Anyone who’s been to a concert in the last decade has almost certainly purchased tickets through the live entertainment industry’s biggest company, Ticketmaster. As Ticketmaster maintains its near total control on ticketing and live events – with more than 80% of the marketing for primary tickets since 1995 – consumer experience has suffered and artists have lost control over ticket prices. This blog post examines how Ticketmaster gained a monopoly in the live entertainment industry, the consequences of its monopolistic control, and the need for policy reform within the industry.

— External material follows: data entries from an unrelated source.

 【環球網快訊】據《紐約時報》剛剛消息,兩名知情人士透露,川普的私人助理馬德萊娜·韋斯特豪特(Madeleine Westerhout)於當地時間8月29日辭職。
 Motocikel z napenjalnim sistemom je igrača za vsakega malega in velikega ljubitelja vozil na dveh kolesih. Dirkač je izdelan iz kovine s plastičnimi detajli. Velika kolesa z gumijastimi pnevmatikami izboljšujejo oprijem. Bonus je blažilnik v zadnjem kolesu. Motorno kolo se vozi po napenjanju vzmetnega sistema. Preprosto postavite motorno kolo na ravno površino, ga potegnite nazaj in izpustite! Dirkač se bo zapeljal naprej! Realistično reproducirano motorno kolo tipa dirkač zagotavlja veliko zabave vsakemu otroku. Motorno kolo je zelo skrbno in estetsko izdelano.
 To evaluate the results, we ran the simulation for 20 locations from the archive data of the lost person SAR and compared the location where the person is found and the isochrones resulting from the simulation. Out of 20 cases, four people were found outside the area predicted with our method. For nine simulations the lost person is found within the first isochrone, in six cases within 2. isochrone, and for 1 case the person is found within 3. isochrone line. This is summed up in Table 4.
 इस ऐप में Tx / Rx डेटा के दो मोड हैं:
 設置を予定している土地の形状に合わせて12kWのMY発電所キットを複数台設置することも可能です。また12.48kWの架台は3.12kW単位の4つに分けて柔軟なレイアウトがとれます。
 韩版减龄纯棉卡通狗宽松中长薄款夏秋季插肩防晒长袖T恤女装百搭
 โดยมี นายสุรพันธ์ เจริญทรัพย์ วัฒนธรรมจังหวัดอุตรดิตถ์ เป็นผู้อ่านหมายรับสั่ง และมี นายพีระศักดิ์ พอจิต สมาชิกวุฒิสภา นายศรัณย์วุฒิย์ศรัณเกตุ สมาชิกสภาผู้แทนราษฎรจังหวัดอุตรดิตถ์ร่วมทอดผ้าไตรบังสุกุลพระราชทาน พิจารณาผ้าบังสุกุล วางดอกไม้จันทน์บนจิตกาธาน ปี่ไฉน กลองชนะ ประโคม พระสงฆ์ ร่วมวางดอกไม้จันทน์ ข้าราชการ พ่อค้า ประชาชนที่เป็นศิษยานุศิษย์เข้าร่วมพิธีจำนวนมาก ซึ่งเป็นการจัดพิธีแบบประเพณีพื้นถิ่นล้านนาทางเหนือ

Understanding Antitrust Laws
Antitrust laws date back to the passage of the Sherman Antitrust Act of 1890 which Teddy “the Trust Buster” Roosevelt used to break up monopolies in the oil and rail industries. Antitrust laws prevent unlawful mergers and business practices in order to promote fair competition and prevent monopolistic control. During this period and much of the 20th century, America’s antitrust laws were effective in slowing the “cutthroat competition” of the era. The antitrust laws from the Roosevelt era were significantly weakened during the Reagan administration when the Department of Justice and Federal Trade Commission, the two main enforcers of federal antitrust laws, remade the existing philosophy of antitrust laws to promote mergers and discourage practices that led to the limited availability of goods.
The Ticketmaster Monopoly
By the pre-Reagan era definition, Ticketmaster is the definition of a monopoly. In addition to the company’s dominance in the ticketing industry, Ticketmaster also owns a significant number of major venues across the U.S. and has exclusive contracts with event organizers that prevent them from selling on any other ticketing platform. Ticketmaster charges higher service fees than its competitors. It splits the profits from these service fees with the venues and in exchange the venues sell tickets exclusively with Ticketmaster.

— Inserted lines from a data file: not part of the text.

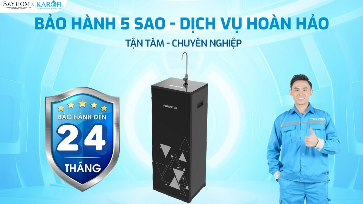 Máy lọc nước RO Karofi Purastar P38 áp dụng bảo hành đến 24 tháng với đội ngũ kỹ thuật viên, chăm sóc khách hàng chuẩn chuyên gia của Karofi.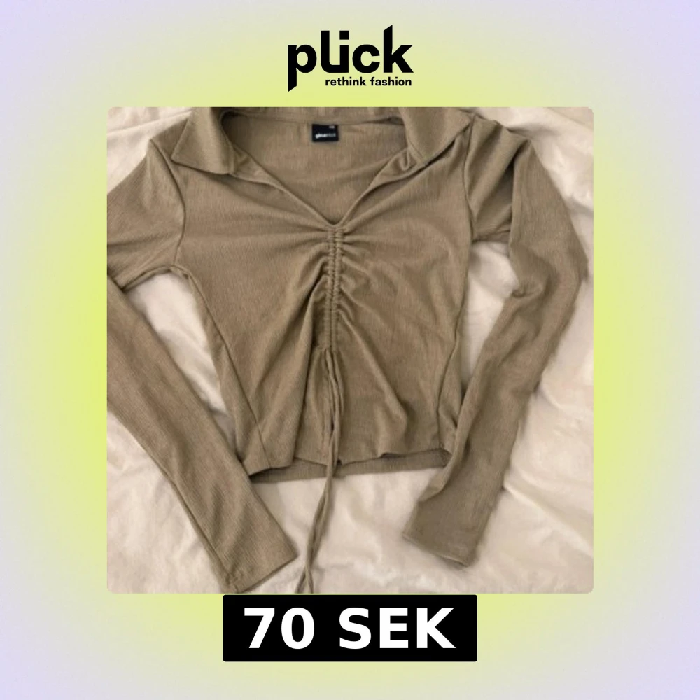 Trendig beige långärmad topp med ribbad struktur och snygg snörning framtill, aldrig använd. Djup v-ringning med krage och croppad passform. Perfekt för att lyfta din outfit med en cool detalj framtill.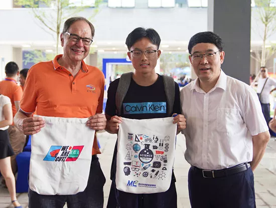 深技大校长阮双琛、城市交通与物流学院院长付朗兹·拉普茨与今日首位报到新生王秋宁合影
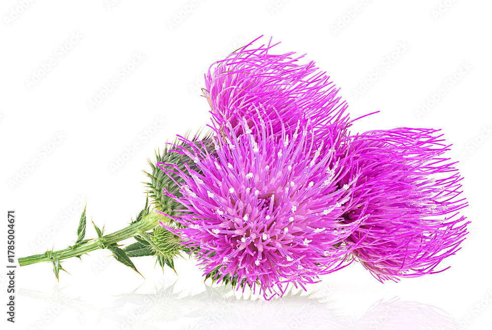 Milk thistle flower heads isolated on a white background. Silybum marianum herb.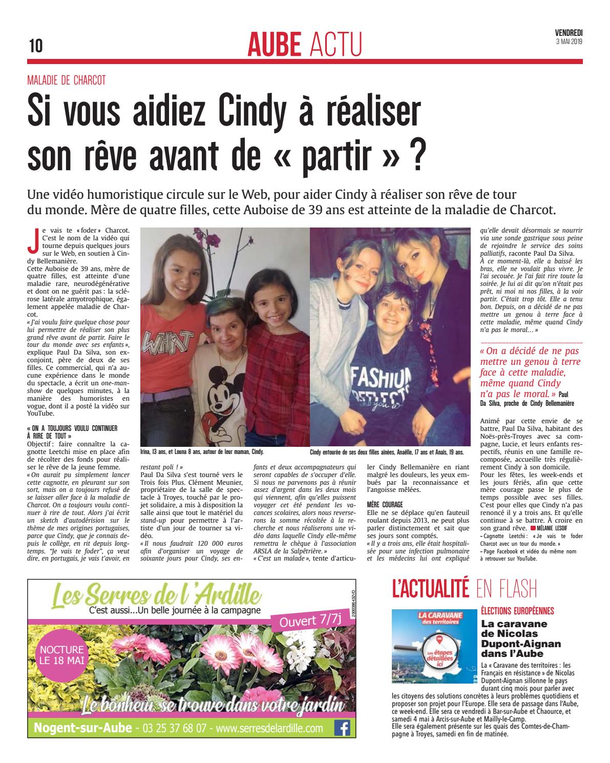 Si vous aidiez Cindy à réaliser son rêve avant de « partir » ? Une vidéo humoristique circule sur le Web, pour aider Cindy à réaliser son rêve de tour du monde. Mère de quatre filles, cette Auboise de 39 ans est atteinte de la maladie de Charcot. qu’elle devait désormais se nourrir via une sonde gastrique sous peine de rejoindre le service des soins palliatifs, raconte Paul Da Silva. À ce moment-là, elle a baissé les bras, elle ne voulait plus vivre. Je l’ai secouée. Je l’ai fait rire toute la soirée. Je lui ai dit qu’on n’était pas prêt, ni moi ni nos filles, à la voir partir. C’était trop tôt. Elle a tenu bon. Depuis, on a décidé de ne pas mettre un genou à terre face à cette maladie, même quand Cindy n’a pas le moral… »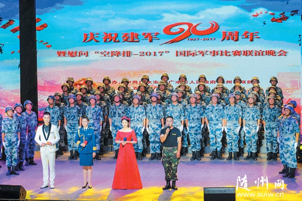 随州网讯 记者 包东流报道:8月1日晚,在《战鼓出征》铿锵鼓点声中,庆祝中国人民解放军建军90周年暨慰问“空降排- 2017”国际军事比赛联谊晚会在广水市拉开帷幕。来自伊朗、哈萨克斯坦、摩洛哥、俄罗斯、南非、委内瑞拉等国家的国际友人们与驻鄂部队官兵、地方群众欢聚一堂,共同欢庆中国人民解放军建军90周年,迎接“空降排- 2017”国际军事比赛的举行。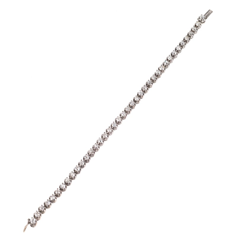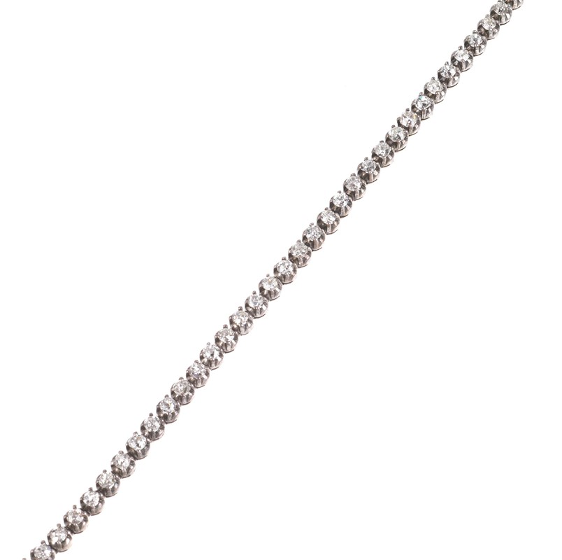 in platino, impreziosito da una fila di diamanti taglio vecchio per ct 5 circa, lungh. cm 19, gr. 31
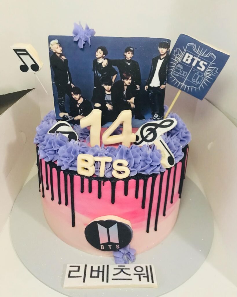 This cake is a dream for any K-pop fan, featuring the popular band BTS. The purple and pink ombre design is accented with a striking black drip. It’s a stylish and fun tribute.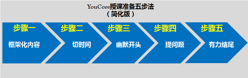 因此,要克服讲课的恐惧,治标的方法可以是心灵鸡汤般的自我催眠:丢脸了又怎样呢,我根本就不在意你们这班傻X;但更治本的方法应该是通过有效的授课准备以建立绝对自信。以下是我基于YouCore培训体系为表妹简化提炼的五步法: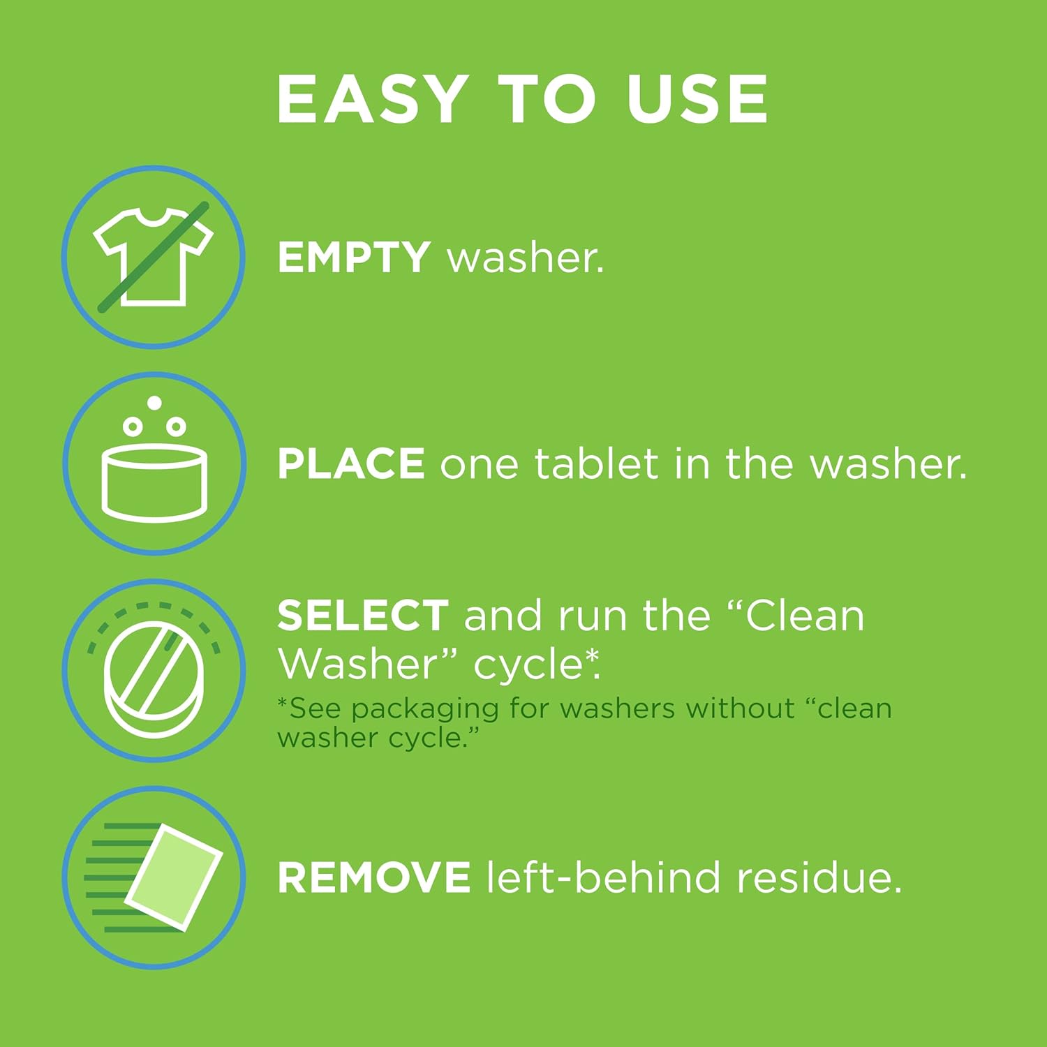 - Extended cleaning with time-release tablets. Recommended by** Whirlpool, Maytag and Amana brands

Ticketmaster’s road to success came from a series of mergers and buyouts. In 1991, the company acquired their biggest rival, Ticketron. This is an example of horizontal integration with a direct competitor. While it secured their monopoly on ticketing, the company was limited to this one component of the live entertainment industry. In 2007 LiveNation, the largest concert promoter and owner of venues with exclusive contracts with huge artists such as Miley Cyrus and Madonna, launched its own ticketing business. In 2010, the two companies merged to form Live Nation Entertainment, an industry giant now worth nearly $20 Billion. This merger, which represents a vertical integration along different stages of the value chain, solidified the company’s control over multiple levels of the live entertainment industry. The Ticketmaster and LiveNation merger raised concern regarding competition and market practices within the live entertainment industry. Nonetheless, it was approved by the Department of Justice with limited modifications that aimed to maintain competition within the industry. In 2019, Ticketmaster was found to have repeatedly violated many of the terms of the agreement.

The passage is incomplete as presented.